Entre el siglo XVII y el XXI han pasado cuatrocientos años y una eternidad en términos de movilidad. Entonces, ni un sedán ni un sportaback eran lo que son en la actualidad. Hoy, estos dos conceptos se perpetúan en el Audi A3.
Sedán y el sportback son dos siluetas que, aunque comparten genes, ofrecen ciertas singularidades. El sedán tiene sus raíces en las sillas de manos del siglo XVII, aquellas «sedan chairs» que transportaban a la nobleza por las calles con comodidad y discreción. Con la llegada del automóvil, la idea de un compartimento cerrado para pasajeros, con una clara distinción entre el espacio para la gente y el maletero, se trasladó a las cuatro ruedas. Así nació el sedán moderno: una carrocería con cuatro puertas, dos volúmenes definidos (uno para el motor y otro para el habitáculo) y un tercer volumen trasero para el equipaje, separado del habitáculo como ocurre en el Audi A3 sedán.
Audi A3 con carrocería sedán
El término Sportback es una invención relativamente moderna, popularizada por marcas como Audi, para describir una carrocería que combina la versatilidad de un portón trasero con la estética deportiva de un coupé. Su origen no es tan remoto como el del sedán. Se trata, en esencia, de un coche de cinco puertas con una línea de techo que desciende suavemente hacia la zaga similar a la de los coupés.
La principal ventaja de esta silueta radica en su versatilidad. En el Audi A3 Sportback se pueden abatir los asientos de manera que el maletero llegue a los 1.200 litros de capacidad.
Audi A3 Sportback
Gasolina sí, pero con truco
Además de una mecánica diésel, el Audi A3, tanto en la carrocería Sportback como Sedán, ofrece una mecánica de gasolina de cuatro cilindros y una potencia de 110 kW (150 CV). En la casa lo denominan 35 TFSi, (Turbo Fuel Stratified Injection) porque el sistema además de inyectar el combustible directamente en la cámara de combustión, cuenta con un turbocompresor que utiliza los gases de escape para comprimir el aire que entra en el motor y aumentar la potencia. Cuando la demanda de energía es baja, dos de los cuatro cilindros se desconectan para minimizar el consumo y se vuelven a reactivar automáticamente cuando la exigencia es mayor.

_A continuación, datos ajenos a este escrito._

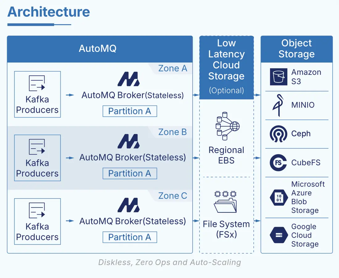 今天,我們正式宣佈:繼 S3 WAL、EBS/Regional EBS WAL[1] 之後,AutoMQ 將在 2025 年的 12 月的新版本中全面支持以 AWS FSx 作為新的 WAL 存儲選項。AutoMQ 本身是一款完全兼容 Apache Kafka 協議、基於 S3 對象存儲構建的新一代 Diskless Kafka,通過自研的「WAL + 對象存儲」創新流存儲引擎,將寫入日誌與大規模持久化存儲解耦,在保證 Kafka 語義和穩定性的同時,大幅降低存儲成本、簡化運維,並已在行業內獲得廣泛認可。隨着 FSx WAL 的引入,AWS 上的 AutoMQ 終於補齊了關鍵的一塊拼圖:在 AWS 上,你可以在一套真正 Diskless 的 Kafka 方案中,同時兼顧消除跨 AZ 流量成本、多 AZ 級別容災能力以及接近本地磁盤體驗的低延遲。

Pero además el Audi A3 cuenta con otro truco. Se llama MHEV y no es otra cosa que un sistema eléctrico de 48 voltios acoplado a un alternador y a una batería de iones de litio. Lo que consigue, además de la etiqueta Eco de la DGT, es aprovechar la energía que se iba a desperdiciar. Es decir, al desacelerar o frenar, el coche es capaz de recuperar hasta 12 kW. Esta potencia se usa para alimentar la batería híbrida y bajar el consumo. Además, y gracias a la energía almacenada, se obtienen mejores aceleraciones. Además, el A3 puede «navegar a vela” con el motor de combustión desactivado en algunas situaciones, pero siempre bajo el control absoluto del conductor. Algo similar ocurre con la solución Start/Stop, que evita el despilfarro de combustible al desactivar el propulsor cuando se circula por debajo de los 22 km/h.

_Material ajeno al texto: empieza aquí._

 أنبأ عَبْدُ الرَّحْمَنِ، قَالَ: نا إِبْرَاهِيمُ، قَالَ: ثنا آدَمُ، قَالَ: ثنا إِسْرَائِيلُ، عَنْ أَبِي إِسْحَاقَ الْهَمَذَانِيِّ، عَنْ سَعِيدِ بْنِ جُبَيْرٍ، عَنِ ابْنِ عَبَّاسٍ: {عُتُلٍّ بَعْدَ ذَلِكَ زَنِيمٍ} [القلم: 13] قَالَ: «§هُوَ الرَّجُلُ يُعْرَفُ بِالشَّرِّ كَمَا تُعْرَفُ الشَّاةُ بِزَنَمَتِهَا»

El resultado de todos estas soluciones se traduce en una reducción del consumo de 0,4 litros a los 100 kilómetros en condiciones de funcionamiento normal, lo que equivale a unos 5,2 litros a los 100 porque hoy, además del dilema de elegir qué tipo de carrocería se adapta mejor a nuestras necesidades, el debate está en el consumo.